+++ SOURCE MATERIAL +++
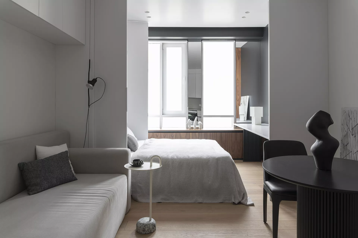 Дизайнер Наталия Рыбакова создала проект для молодого мужчины, работающего в сфере IT. Квартира-студия площадью 29,9 кв. метра находится в ЖК Headliner. «Перед началом работы заказчик четко обозначил свои требования к будущему интерьеру, вспоминает она. — Пространство должно быть аскетичным, спокойным, с максимальным количеством хранения. Это была очень интересная задача для такой небольшой площади». «Мы использовали планировку от застройщика. Ванная комната совсем небольшая по площади, 2,9 кв. метра, но в ней удалось разместить и душевую, и прачечную. Остальное пространство также четко зонировано: прихожая, кухня, столовая, гостиная, спальня, кабинет. Каждое помещение имеет свои визуальные границы — это было одним из основных пожеланий клиента. Естественно, необходимо было применять элементы трансформации: мы выбрали откидную кровать, а также диван, часть которого выдвигается для большой компании». Студия вытянутой формы привлекла будущего владельца хорошей освещенностью благодаря дву
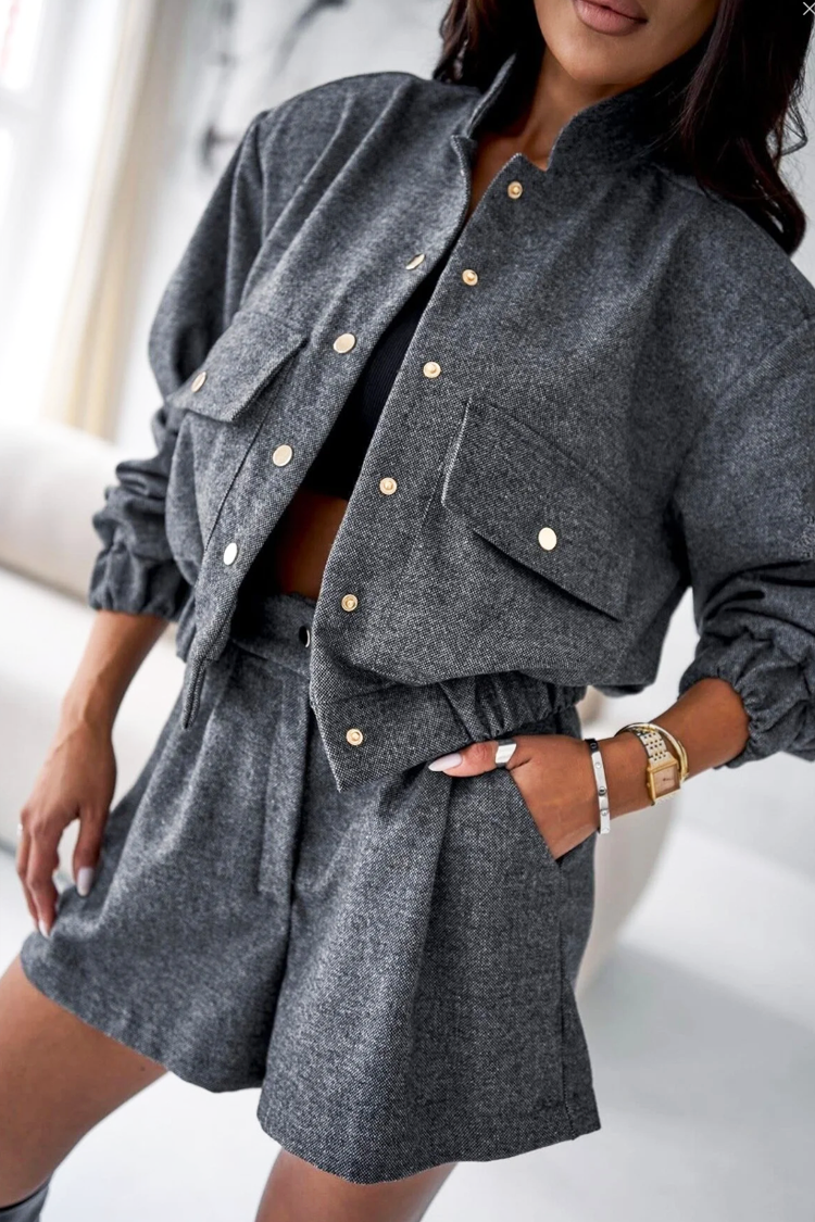 - Jakna je prijelaznog kroja, s klasičnim krojem i gumbima, a kratke hlače imaju elegantan dizajn i džepove.
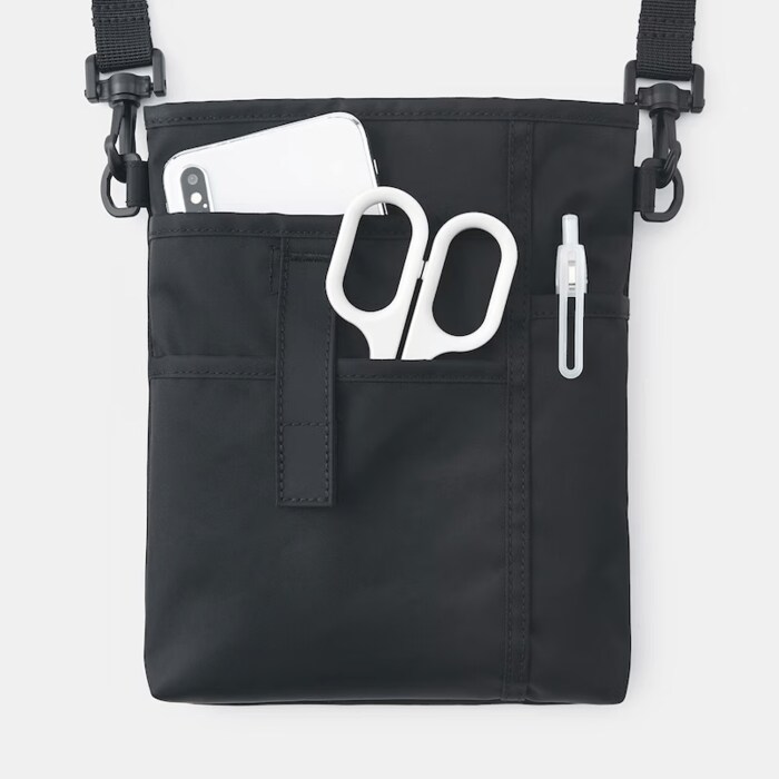小物が入るポケットが中にも外にもある便利なショルダーバッグ。スマホはもちろん、仕事中に必要なハサミやペンなどをコンパクトにまとめて持ち運ぶことができます。
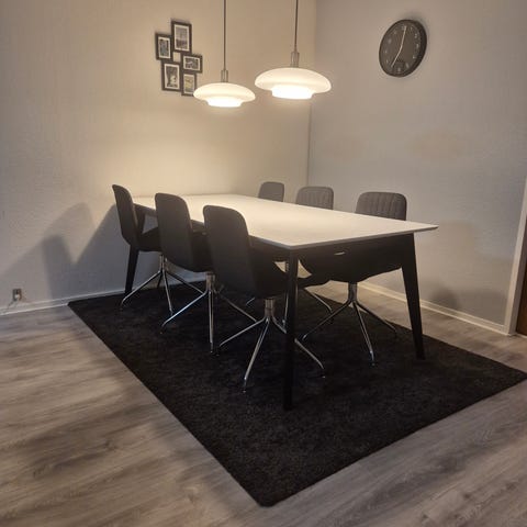 Spisebordet er i kunstfiner med egetræslook og matchende ben. Inkluderer 6 gode stole, der blev købt sammen med bordet.
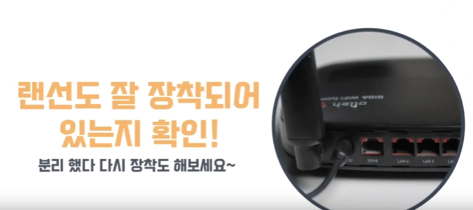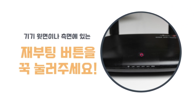 - 와이파이 공유기 설정 재부팅 : 와이파이 기기 윗면이나 측면에 있는 재부팅 버튼을 꾹 눌러주세요.
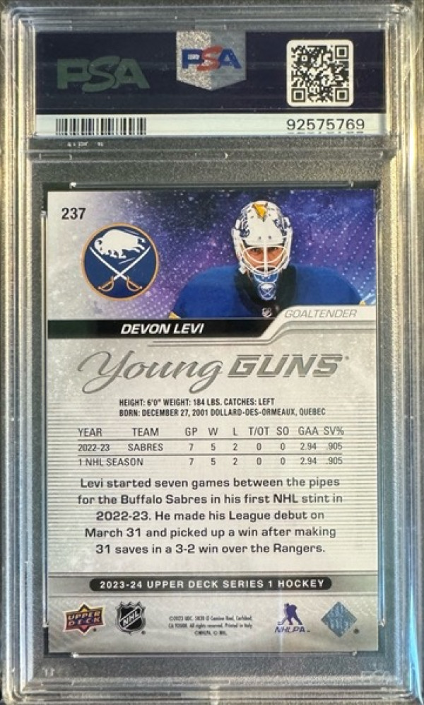 2023 Upper Deck 237 Devon Levi Silver Outburst Young Guns PSA 10 Gem Mint
+++
• EXERCISE:
Set down every record word for word and leave out the pictures.

• EXERCISE RESULT:
 Дизайнер Наталия Рыбакова создала проект для молодого мужчины, работающего в сфере IT. Квартира-студия площадью 29,9 кв. метра находится в ЖК Headliner. «Перед началом работы заказчик четко обозначил свои требования к будущему интерьеру, вспоминает она. — Пространство должно быть аскетичным, спокойным, с максимальным количеством хранения. Это была очень интересная задача для такой небольшой площади». «Мы использовали планировку от застройщика. Ванная комната совсем небольшая по площади, 2,9 кв. метра, но в ней удалось разместить и душевую, и прачечную. Остальное пространство также четко зонировано: прихожая, кухня, столовая, гостиная, спальня, кабинет. Каждое помещение имеет свои визуальные границы — это было одним из основных пожеланий клиента. Естественно, необходимо было применять элементы трансформации: мы выбрали откидную кровать, а также диван, часть которого выдвигается для большой компании». Студия вытянутой формы привлекла будущего владельца хорошей освещенностью благодаря дву
 - Jakna je prijelaznog kroja, s klasičnim krojem i gumbima, a kratke hlače imaju elegantan dizajn i džepove.
小物が入るポケットが中にも外にもある便利なショルダーバッグ。スマホはもちろん、仕事中に必要なハサミやペンなどをコンパクトにまとめて持ち運ぶことができます。
 Spisebordet er i kunstfiner med egetræslook og matchende ben. Inkluderer 6 gode stole, der blev købt sammen med bordet.
 - 와이파이 공유기 설정 재부팅 : 와이파이 기기 윗면이나 측면에 있는 재부팅 버튼을 꾹 눌러주세요.
 2023 Upper Deck 237 Devon Levi Silver Outburst Young Guns PSA 10 Gem Mint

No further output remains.